Eventually, a precedent was established, and parking meters were allowed everywhere in the country, provided they were run as close to breaking even as possible. Or, as the California Law Review put it in 1947: “A municipality may validly install a system of parking meters upon its streets and exact a fee for parking as long as the amount charged bears a reasonable relation to the service rendered and the cost of rendering it.”
Which is why, in the ensuing years, the cost of parking has increased with inflation, but remained relatively low in most areas. As any city decides where to set its parking fees, it walks a fine line. The fees need to be high enough to cover the costs of keeping everything clean and running properly, but not so high that people just stop using the meters or vandalize them out of spite. It is for that reason that city parking divisions have learned to be masters at efficiency.
“I’m the only full-time person paid by the parking system,” Berry said.
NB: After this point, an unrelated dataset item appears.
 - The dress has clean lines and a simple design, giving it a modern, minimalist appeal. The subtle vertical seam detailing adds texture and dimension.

Berry has been the administrator for the Department of Traffic and Transportation for the past 19 years. He’s been with the department in some capacity or another for more than 30, and with the city for 33, so he knows all about getting the most bang for his buck and keeping everything moving as smoothly as possible on a limited staff.
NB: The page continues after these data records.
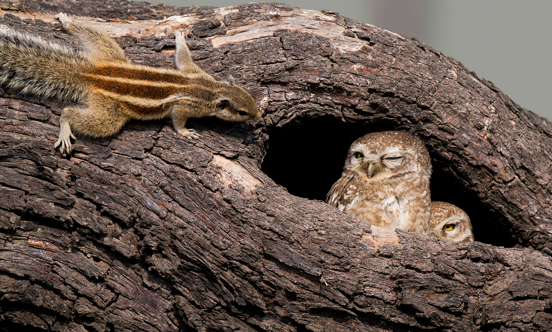 Photographed in Bhigwan where a pair of Spotted Owlet have made a fallen wooden log as its home. The Squirrel made a surprise knock at the door and met the hunter..
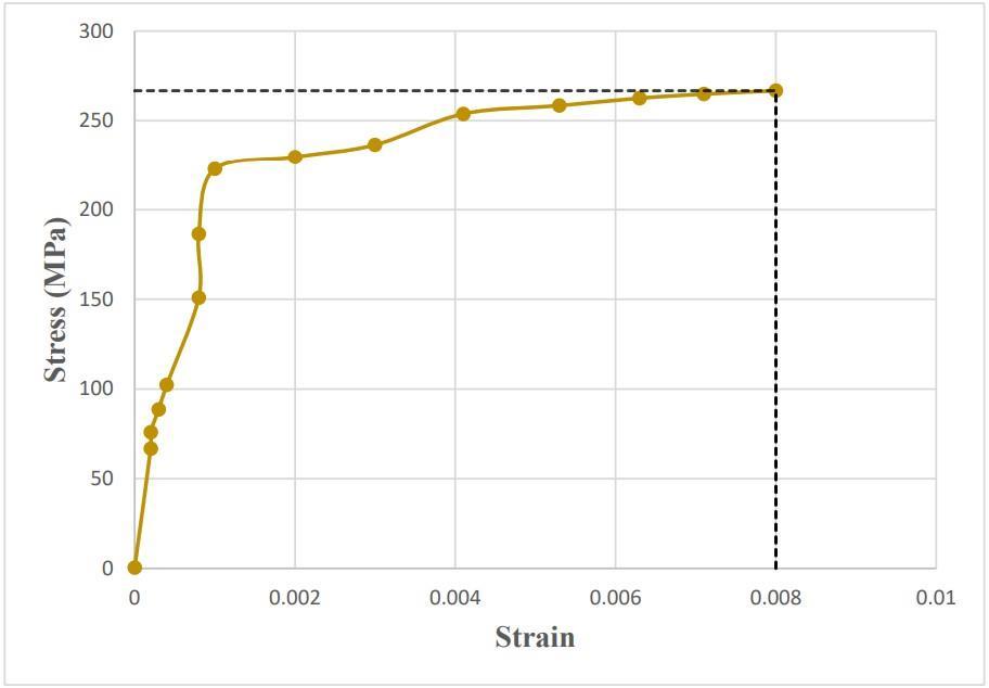 The maximum value of stress is approximately 266.7278 MPaatastrainof0.008.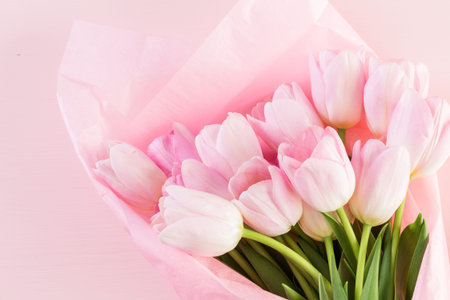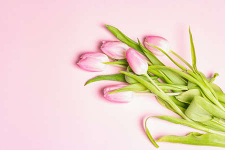 Bouquet of gentle pink tulips on pastel rosy color background. Festive gift, greeting card for Easter, Birthday, Valentines Day or Wedding. Holiday concept, a place for text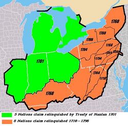 ![]() Map showing historical (in purple) and currently recognized (in pink) Iroquois territory claims. | |||||||||||||||||||||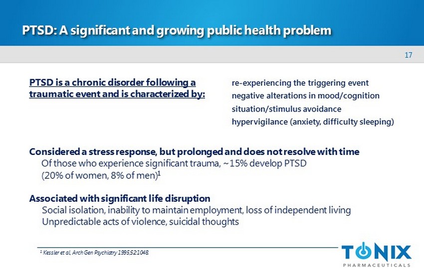 16 TNX - 102 SL in development for PTSD Preclinical Phase 1 NDA Market Candidate Indication Phase 2 Phase 3 TNX - 102 SL TNX - 102 SL TNX - 201 Post - Traumatic Stress Disorder Top line data 1 H 2016 PTSD = post - traumatic stress disorder TNX - 102 SL and TNX - 201 are Investigational New Drugs and are not approved for any indication.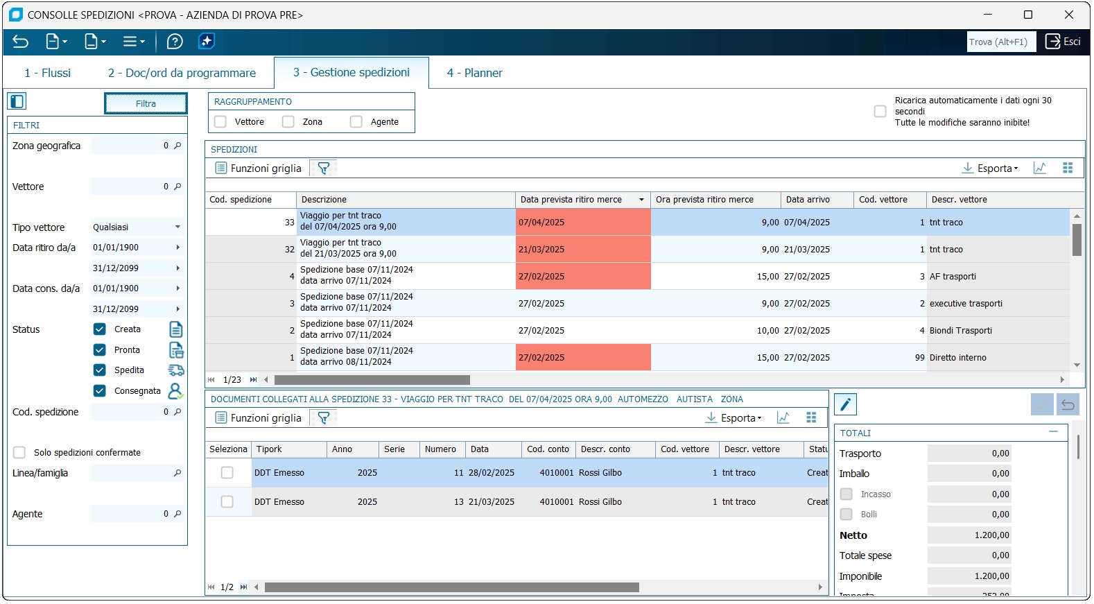 Il terzo tab è dedicato alla gestione delle spedizioni, il pannello è diviso in due sezioni Orizzontali e una Verticale a sinistra dedicata all'impostazione dei filtri , nella parte superiore del pannel è presente la griglia relativa alle testate delle spedizioni, mentre nella parte inferiore troviamo la griglia con le informazioni relative alla spedizione selezionata,alla sua sinistra è presente una versione semplificata dei dati di testata del piede del documento.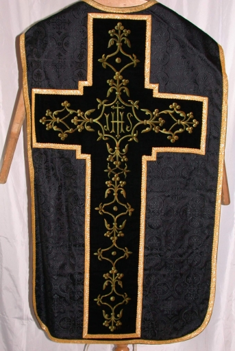Ornement noir 4 : chasuble, bourse de corporal, étole, manipule, voile de calice,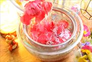 傷んだ部分を取り除いた花びらはすぐに加工していきます傷んだ部分を取り除いた花びらにたっぷりの水を加えて優しく洗い、ザルにあけて水をきります。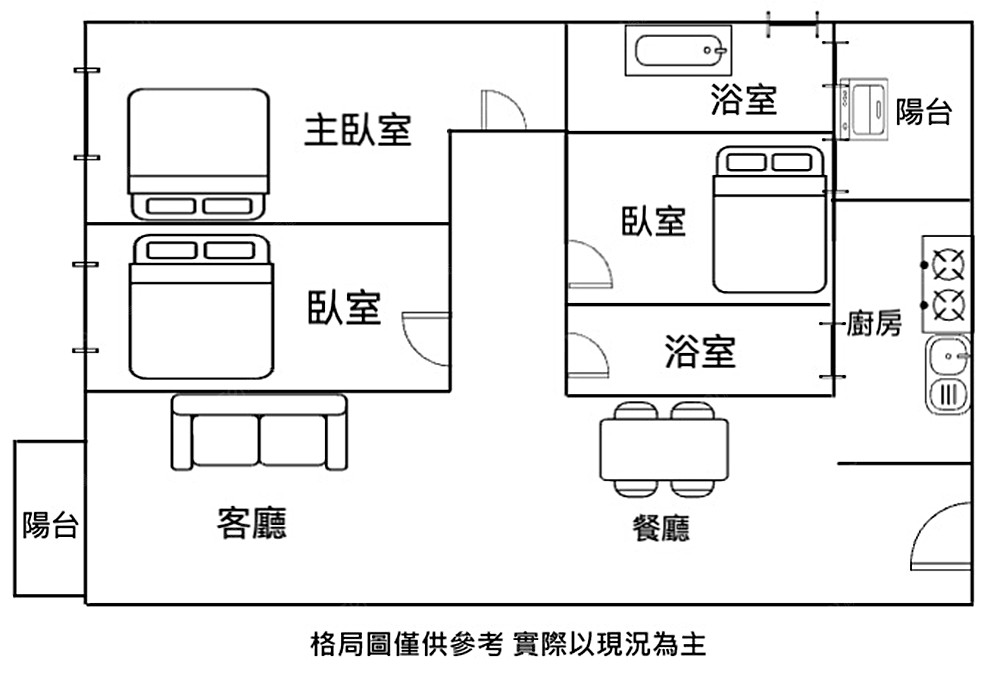 室內約26坪,三房兩廳雙陽台,格局方正好規劃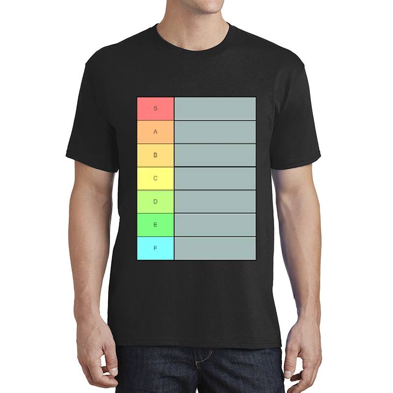 Tier List - Video Game design artwork printed on Unisex T-Shirt with latest DTF technology. Our new management team will place serving you. We offer best online shopping experience to our customers with 30 days return and exchange policy. Shop with confidence at T-funny.com

“There’s one assistant and a fellow in charge of cleaning the parking ramps,” he continued. “But they are part-time.”
For other employees, like the attendants who work in the ramps themselves, the Department of Traffic and Transportation employs a contractor, ABM Parking. The only other workers associated with the parking system are the Parking Enforcement Officers (PEOs), of which the city employs two.
While the PEOs are technically under the purview of the Des Moines Police Department, their salaries are not paid through taxpayer money like the rest of the police force.
“All of their costs are paid for out of the parking system, too,” Berry explained.
And what of the money those officers help generate? Parking tickets are the bane of every business commuter and tourist the world over. Few things are as annoying as needing to park downtown for a few minutes then discovering that you do not have any change on you. Or realizing you have sat at Java Joes for four minutes longer than expected and have to make that walk of dread back to your car, eyeing your windshield for the telltale white envelope.
Nobody likes Parking Enforcement — colloquially referred to as “meter maids.” The name was first coined in the late 1950s to describe the first, all-female crew of Parking Enforcement Officers hired in New York City. The name stuck and is now used derisively to describe PEOs around the world, regardless of sex.
Des Moines’ PEOs, however, have a relatively easy time of things. You can chalk that up to “Iowa Nice,” if you like, but another contributing factor is the relatively low cost of a parking ticket in the capital city.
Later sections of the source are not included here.